━━━ EXERCISE INPUT ━━━
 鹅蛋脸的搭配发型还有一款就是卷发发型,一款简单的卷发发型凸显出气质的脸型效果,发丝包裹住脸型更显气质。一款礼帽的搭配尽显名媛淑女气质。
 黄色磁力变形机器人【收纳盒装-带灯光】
━━━
━━━ EXERCISE INPUT ━━━
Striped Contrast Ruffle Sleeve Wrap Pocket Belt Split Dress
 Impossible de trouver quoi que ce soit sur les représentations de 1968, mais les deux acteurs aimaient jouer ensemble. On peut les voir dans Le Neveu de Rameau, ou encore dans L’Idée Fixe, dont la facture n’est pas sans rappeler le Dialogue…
━━━
Out of the data above, transcribe exactly and only the lines starting with the line that has "鹅蛋脸的搭配发型还有一款就是" and going on through the line that has "黄色磁力变形机器人【收纳盒装-带灯光】", both included.

 鹅蛋脸的搭配发型还有一款就是卷发发型,一款简单的卷发发型凸显出气质的脸型效果,发丝包裹住脸型更显气质。一款礼帽的搭配尽显名媛淑女气质。
 黄色磁力变形机器人【收纳盒装-带灯光】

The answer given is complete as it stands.